Together, these factors “are highly suggestive of a constitutional violation.” Furthermore, Kollar-Kotelly points out that the accession and retention directives took away from transgender people rights they had previously been given in the June 2016 MTD—that is, to serve openly, to be allowed to accede by a date certain in early 2018, and to receive proper medical care. “The targeted revocation of rights from a particular class of people…is a fundamentally different act than not giving those rights in the first place,” and the government has the burden of showing that the revocation itself is substantially related to important government objectives. At this stage, the government has not effectively done so.

She then describes the irreparable harms the plaintiffs will likely face without injunctive relief, including stigma, reduced statute among peers and officers, stunted career growth, and professional derailment. In addition to the practical consequences, the loss of constitutional freedoms, “for even minimal periods of time, unquestionably constitutes irreparable injury.” Finally, she finds that the public interest and balance of hardships weigh in favor of granting the plaintiffs injunctive relief.

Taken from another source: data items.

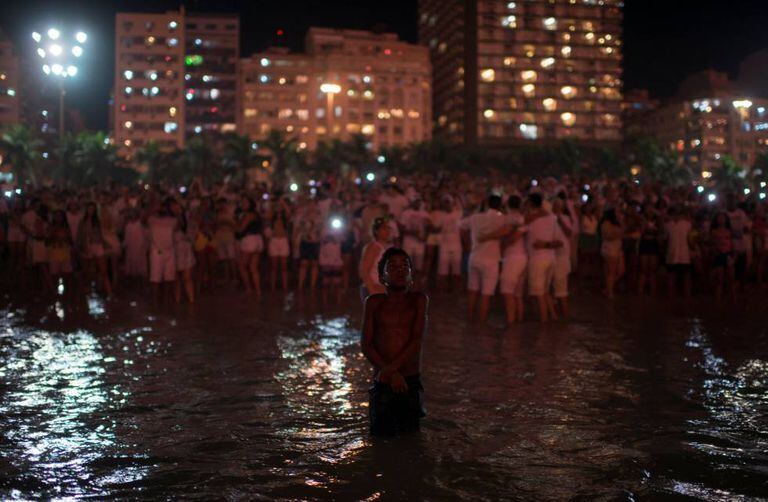 Um menino negro, na beira do mar, admira de olho grande e boca aberta os fogos da virada do ano na praia de Copacabana. Está aparentemente sozinho, veste uma bermuda molhada, com os pulsos entrelaçados na altura do umbigo, enquanto em outro plano, na areia, a massa vestida de branco comemora a entrada de 2018. Alguns dão as costas ao menino, ao mar e aos fogos para tirar suas selfies, e outros comemoram absortos o espetáculo. A imagem em preto e branco, tirada pelo fotógrafo Lucas Landau para agência Reuters, está tomando as redes sociais de milhares de brasileiros com infinidade de legendas diferentes. A fotografia fala de um menino negro de nove anos numa praia durante uma festa, mas, vista a repercussão, fala também de como a interpretamos.
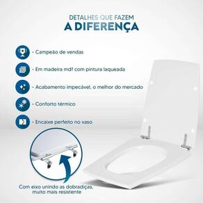 Durabilidade e Resistência: Fabricado em MDF com camadas de pintura laqueada, este assento oferece não apenas beleza, mas também conforto térmico e alta resistência. Seu acabamento impecável adiciona um toque de classe ao seu banheiro.
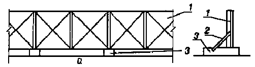1 — панель ограждения; 2 — подкос панели; 3 — опора (лежень); 4 — панель тротуара;
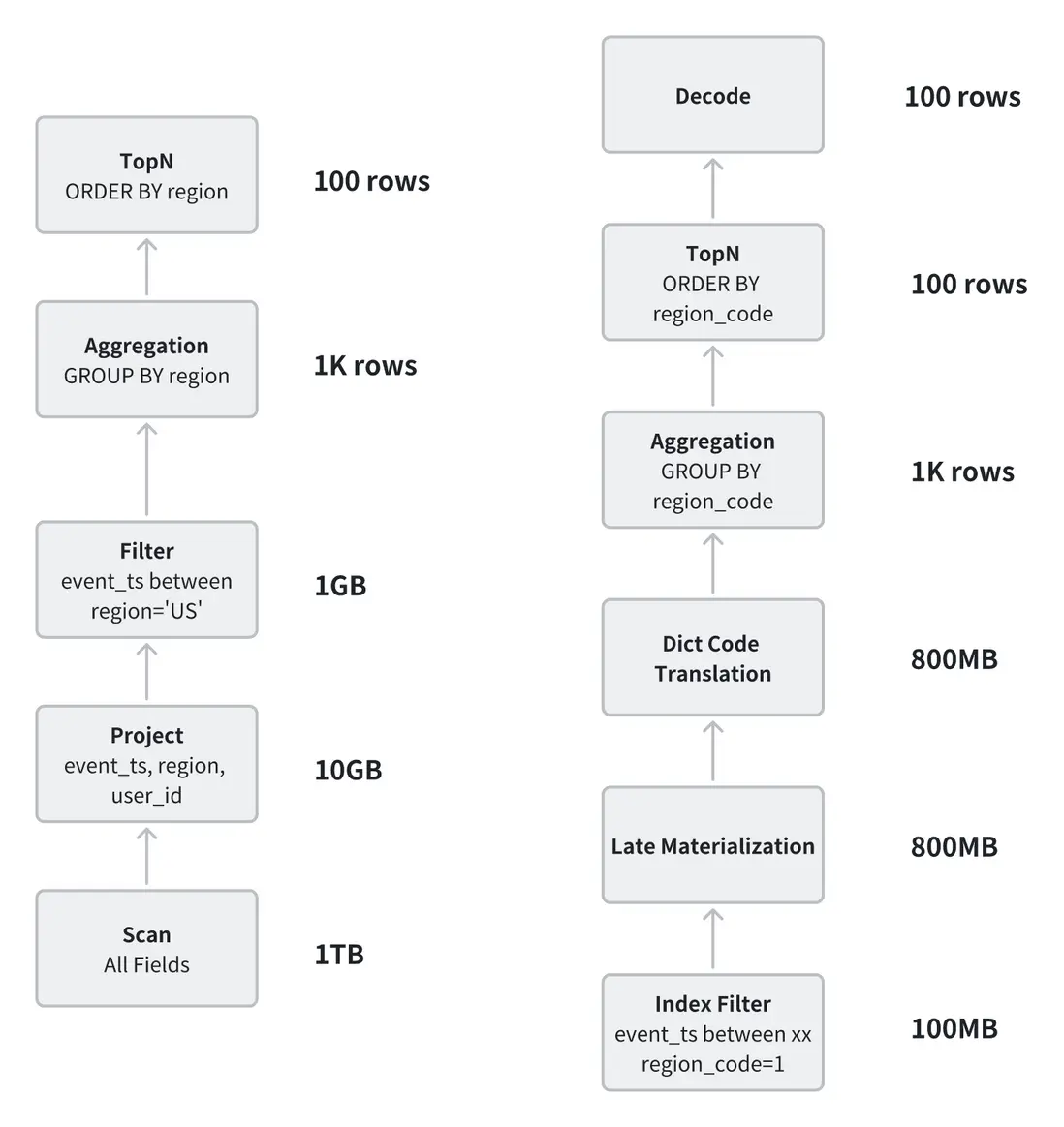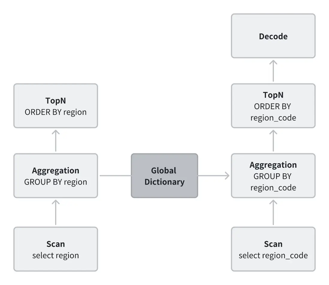 例如,原本的 GROUP BY region 操作需要在哈希表中頻繁進行字符串查找和更新;使用全局字典後,執行計劃可改寫為 GROUP BY region_code,以整數完成聚合,僅在最終輸出階段再將整數解碼為字符串,從而顯著減少計算開銷。
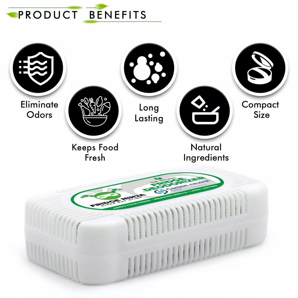 Naturalne odświeżacze do lodówki Ninja z węglem drzewnym + termometr (4 szt.)
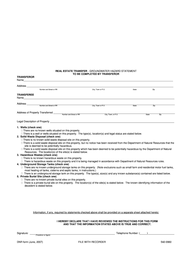 The Real Estate Transfer Groundwater Hazard Statement is a property disclosure form used by transferors in Iowa to disclose potential hazards related to groundwater on the property being transferred.
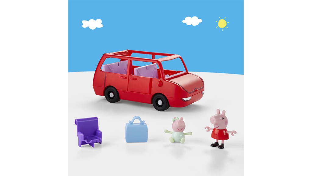 Peppa i njezina obitelj spremni su odvesti kući malu Evie! Djeca sada mogu voziti Peppu i Evie u obiteljskom automobilu, koji ima još više mjesta za rastuću obitelj. Automobil ima otvarajuća i zatvarajuća vrata, funkcionalan prtljažnik, kao i razne automobilske dodatke. Ova igračka odlična je prilika za djecu da odigraju svoje omiljene scene, dok razvijaju svoju maštu i socijalne vještine.
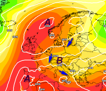 Eppure c’è anche la linea di tendenza che prova comunque a far entrare l’anticiclone in modo franco almeno sino alla Valpadana, con qualche concessione solo sulle Alpi e l’estremo nord-est come vediamo qui:
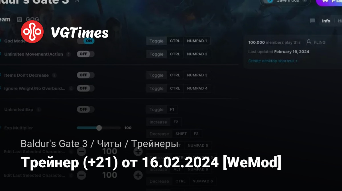 Трейнер (+21) от 16.02.2024 [WeMod]
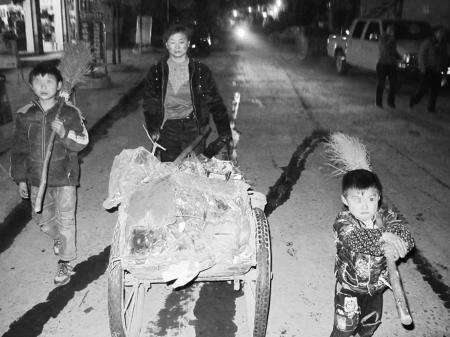 妈妈李芙蓉(涉及隐私,李芙蓉母子为化名)躬着腰正在将扫在一起的垃圾扫进推车里。借着路边商铺的灯光,娘仨将一堆堆垃圾收集拢来。妈妈推着小斗车,哥俩一左一右,将长长的扫把扛在肩上,都没什么话说。将一斗车的垃圾装上清运车后,娘仨回家了。
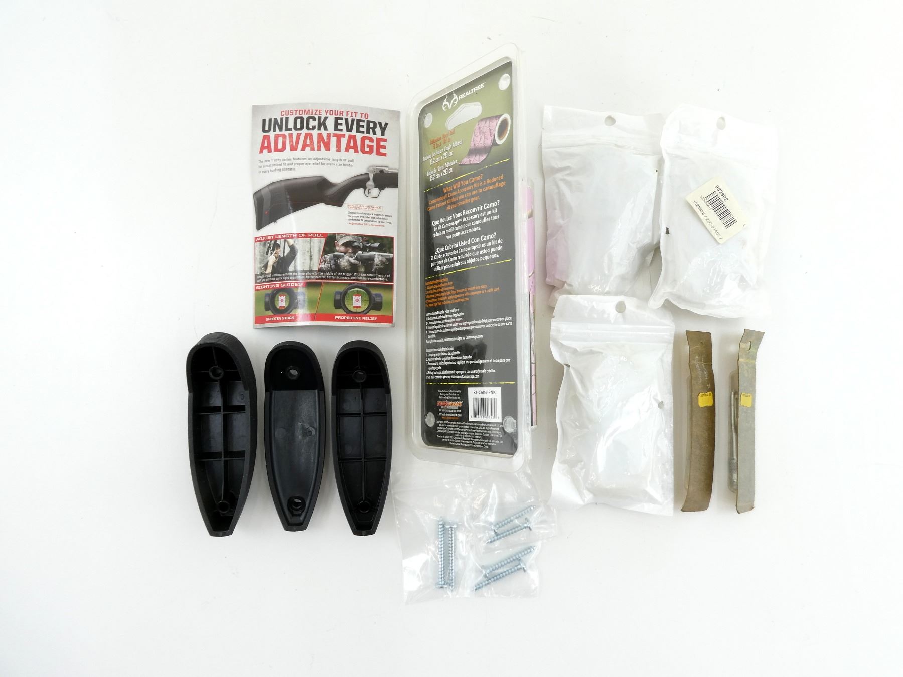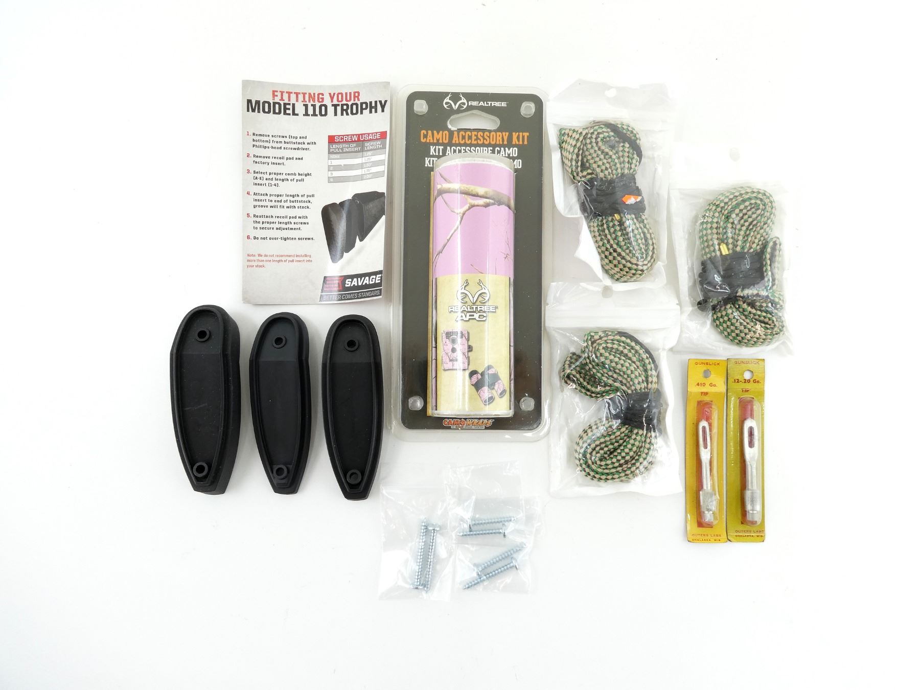 LOT INCLUDES; (3) UNKNOWN BORE SNAKES, APPEARS NEW OLD STOCK, (1) SAVAGE 110 ACCESSORY KIT RECOIL STYLE PADS, MAY NOT BE COMPLETE, (1) "REALTREE CAMO ACCESSORY KIT", PINK CAMOUFLAGE ADHESIVE VINYL ROLL, APPROX. 84" X 6", APPEARS NEW OLD STOCK, (1) GUNSLICK .410 G. CLEANING TIP, NEW OLD STOCK IN ORIGINAL SEALED PACKAGING, (1) GUNSLICK 12-20 G. CLEANING TIP, NEW OLD STOCK IN ORIGINAL SEALED PACKAGING. MAY REQUIRE FITTING. SEE PHOTOS.
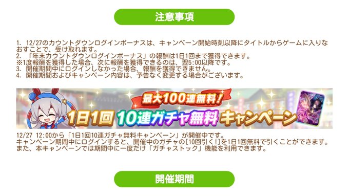『ゆく年くる年キャンペーン第1弾』で本日12時より1日1回10連ガチャが無料に!
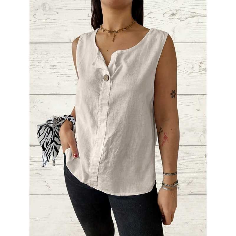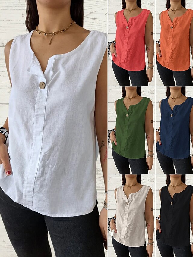 Women's Camisole Tank Top Solid Color Plain Basic Sleeveless V Neck Regular Tops Holiday Buttons White Army Green Red Beige Summer Spring
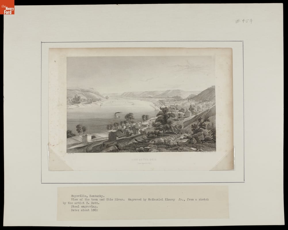 Typed on paper adhered on mounting board: Maysville, Kentucky. View of the town and Ohio River. Engraved by Nathaniel Kinsey Jr., from a sketch by the artist E. Bott. Steel engraving. Date about 1845. /.
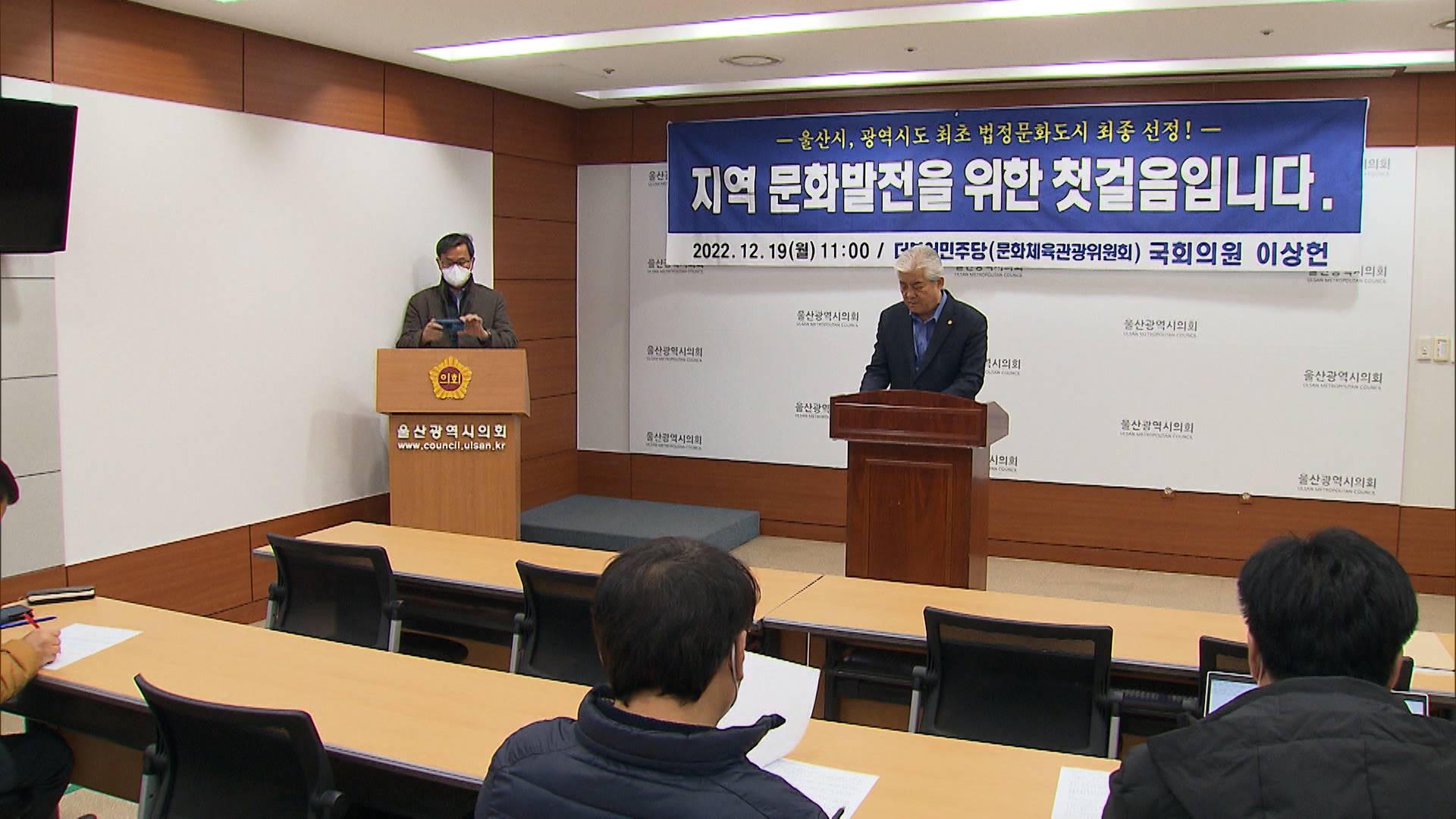 더불어민주당 이상헌 의원은 오늘(12/19) 기자회견을 열고 광역지자체 최초로 법정문화도시로 지정된 울산시가 진정한 문화관광 도시로 도약하려면 여˙야가 힘을 모아야 한다고 주장했습니다. 이 의원은 법정문화도시 선정으로 국비를 100억원 확보했지만, 더 많은 예산과 인력을 투입해 '문화도시 울산'을 기획하고 실행에...
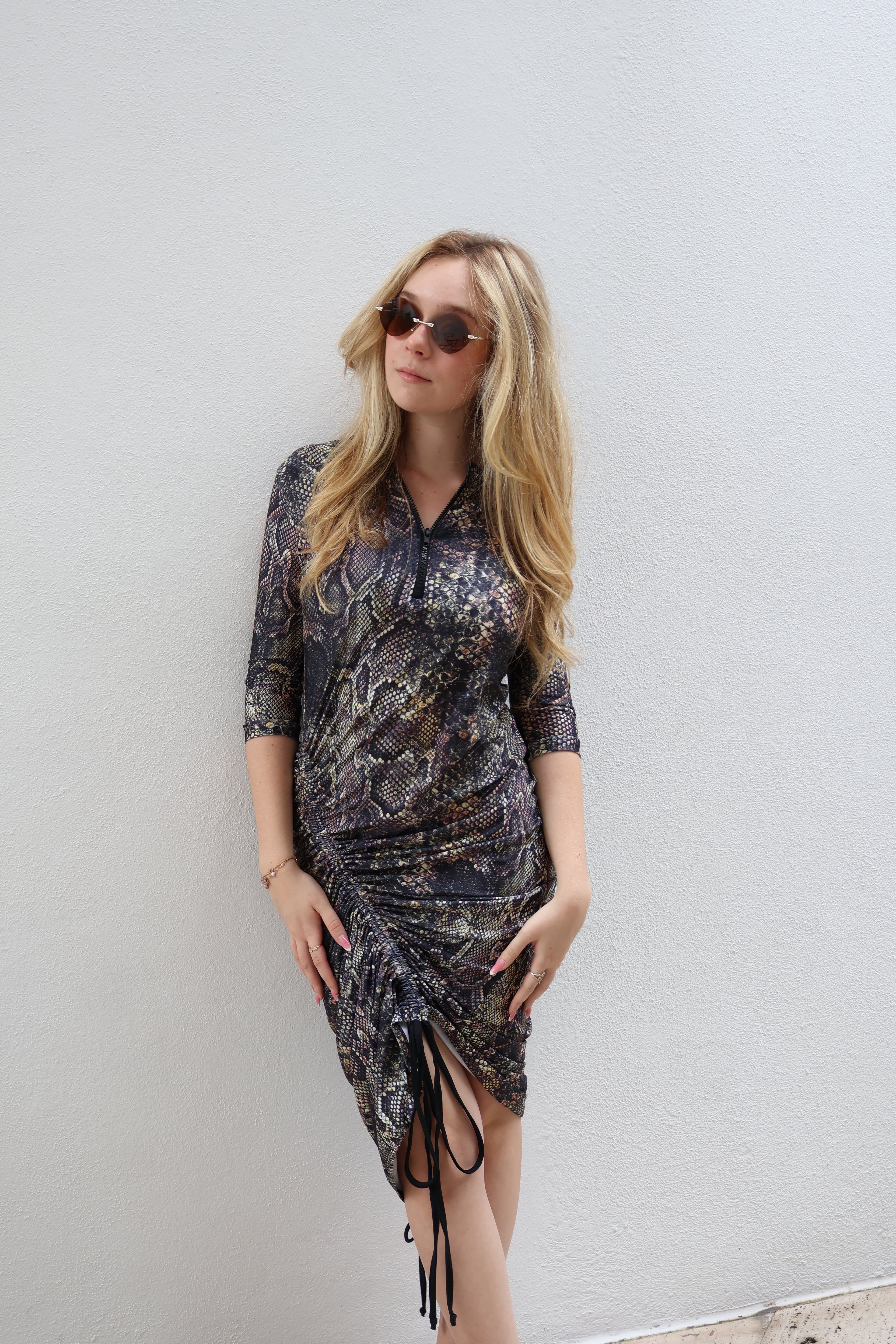 Say BONJOUR TO OUR LATEST ST. Tropez dress! Bringing a touch of French Riviera charm to your modest swimwear wardrobe. With its refined jewel neckline, sleek 9-inch zipper, and impeccably tailored silhouette, it exudes effortless elegance. The pièce de résistance? An asymmetric ruching detail that lets you wear it as a glamorous maxi or playful mini—perfectly suited to your every whim. Crafted from luxurious spandex with UPF 50 protection, this trés chic dress ensures you stay sun-safe while strolling the promenade or lounging poolside. Indulge in a dash of French allure and make every sun-kissed moment magnifique!
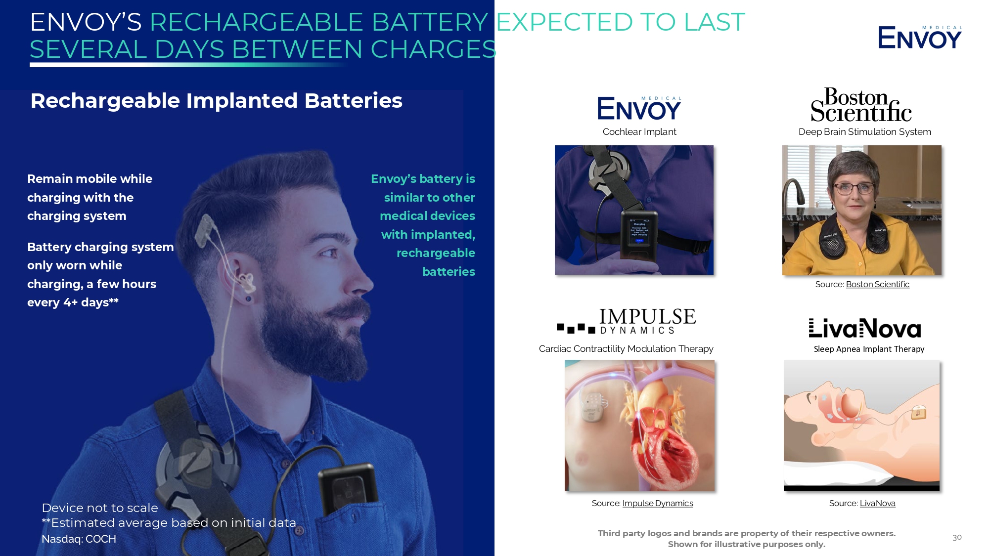 Nasdaq: COCH 30 ENVOY’S RECHARGEABLE BATTERY EXPECTED TO LAST SEVERAL DAYS BETWEEN CHARGES Remain mobile while charging with the charging system Battery charging system only worn while charging, a few hours every 4+ days** 0ȇɮȒɵ ټ ɀ ƫƏɎɎƺȸɵǣɀ ɀǣȅǣǼƏȸɎȒȒɎǝƺȸ ȅƺƳǣƬƏǼƳƺɮǣƬƺɀ ɯǣɎǝǣȅȵǼƏȇɎƺƳً ȸƺƬǝƏȸǕƺƏƫǼƺ ƫƏɎɎƺȸǣƺɀ Rechargeable Implanted Batteries Source: Boston Scientific Deep Brain Stimulation System Sleep Apnea Implant Therapy Source: LivaNova Source: Impulse Dynamics Cochlear Implant åƂĈijåā΅  ŜœƖƂåāƖijʼnijƖƼ΅ i ŜĈƞʼnåƖijŜœ΅ ¯ ĮĎƂåſƼ Third party logos and brands are property of their respective owners. Shown for illustrative purposes only. Device not to scale **Estimated average based on initial data
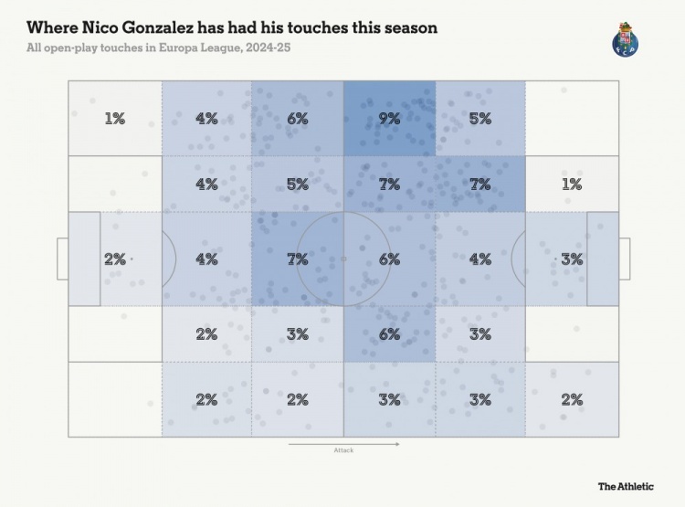 從下面這個比賽熱圖,我們也能發(fā)現(xiàn),尼科-岡薩雷斯在波爾圖擔(dān)任雙支點角色之時經(jīng)常轉(zhuǎn)移到中場左側(cè)。
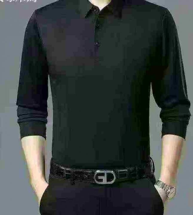 男士长袖t恤翻领秋季薄款宽松体恤打底衫爸爸装上衣Pol...
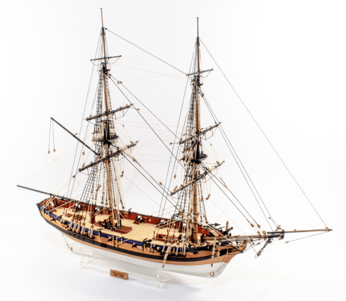 HMS Speedy, shown above, is a model of a 14-gun British Royal Navy brig. We ran out of stock of these following the holidays, so we’re happy to announce that they’re back in stock, and ready to ship to you!

Kollar-Kotelly granted the government’s motion to dismiss the claims based on the sex reassignment surgery directive, as well as the estoppel claim, but denied the motion to dismiss in all other respects. She granted the plaintiff’s motion for a preliminary injunction as to the accession and retention directives, returning to force the June 2016 DTM, as modified by Mattis in June 2017, allowing open service by transgender individuals.